Pain Squad is an app which encourages kids with cancer to accurately record their daily levels of pain so that doctors can diagnose them better. Something which was previously very difficult as there was no obvious way to motivate kids.

But that’s where Pain Squad comes in. It gamifies the experience. In Pain Squad you’re not just a child struggling with cancer; you’re a part of the secret police dedicated to hunting down ‘pain’ and keeping it at bay. You’ll soon find yourself rising through the ranks from rookie to chief so long as you’re consistent with your documentation.

Check out this article if you would like to learn more about Pain Squad.

Gamification in Education: DRAGONBOX

Keeping kids focused on learning has always been a problem. Particularly when the subject is as dry as maths. DragonBox is an educational game which teaches kids math, such as algebra. It does this by seamlessly integrating math equations into the gameplay.

In DragonBox, you’re not just solving equations. You’re trying to rid the area of nasties so your frightened dragon can come out, eat, and grow.

Check out this article if you would like to learn more about DragonBox.

Gamification in Traffic Control: THE SPEEDCAM LOTTERY

The Speedcam Lottery started off as just a crazy idea pitched to Volkswagen for a competition back in 2010. However, Volkswagen ended up liking the idea so much that they decided to put the idea to the test in Stockholm.
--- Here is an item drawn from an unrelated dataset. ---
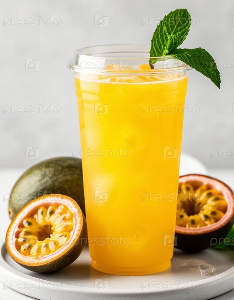 Желтый лимонад с манго и страстными фруктами в стакане

The Speedcam Lottery is an ingenious idea to encourage people to stick to the speed limit.

Unlike most speed cameras, if you’re keeping to the speed limit when you pass by The Speedcam Lottery, you go into a draw to win the money taken off other drives who were court speeding.

Check out this article if you would like to learn more about The Speedcam Lottery.

Gamification in Scientific Research: FOLDIT

Foldit is an online game about protein folding (who knew that could be fun!?).

The idea came about as a creative way to try and tackle the aids virus protein structure. Something which had previously puzzled scientists for 15 years. The game gives players the objective of experimenting with a protein while trying to maximise surface space.

The problem with the aids virus protein structure was eventually solved after the game’s release. However, it wasn’t solved by a scientist but by a gamer, and it only took him 10 days.

Not only does Foldit have the power to greatly aid medical science but it also educates potential future scientists in a fun and engaging way.

Check out this article if you would like to learn more about Foldit.

Gamification in Energy Saving: OPOWER

Opower is an American software-as-a-service (SAS) company which aims to lower the utility bills of its customers.

What makes them interesting however is their approach. Opower entices its customers to lower their energy consumption by showing them how they compare with their neighbours. They show their usage, their average neighbour, and their best neighbour.

With this approach, Opower managed to save its customers a total of $250 million dollars in utility bills (over 1 terawatt of electricity).

Check out this article if you would like to learn more about Opower.

Gamification in Crowdfunding: KICKSTARTER

Kickstarter is one of the companies responsible for transforming crowdfunding into an incredibly popular and mainstream financing solution for creatives.

But what many people don’t know is that much of its popularity can be traced to its successful implication of gamification mechanics.

These mechanics include dangling the ‘prize’ in front of you before you can obtain it. Adding a sense of urgency by including a count down timer to force you to act fast. And giving you a sense of purpose within a community. The campaign can only be successful if you become one of the much-needed backers and offer your support to the cause.

Check out this article if you would like to learn more about Kickstarter.

Gamification in Health & Fitness: ZOMBIES, RUN!

‘Zombies, Run!’ is an exergame (exercise game) which spruces up your casual jogging by combining it with the popular setting of a post-apocalyptic zombie wasteland.

Instead of incentivising you with points, distance run, and leaderboards, ‘Zombies, Run!’ keeps you going the distance by playing emergency radio and zombie sounds through your earphones. Stopping or slowing down means you’re probably going to get eaten (maybe shouldn’t be using too late in the evening).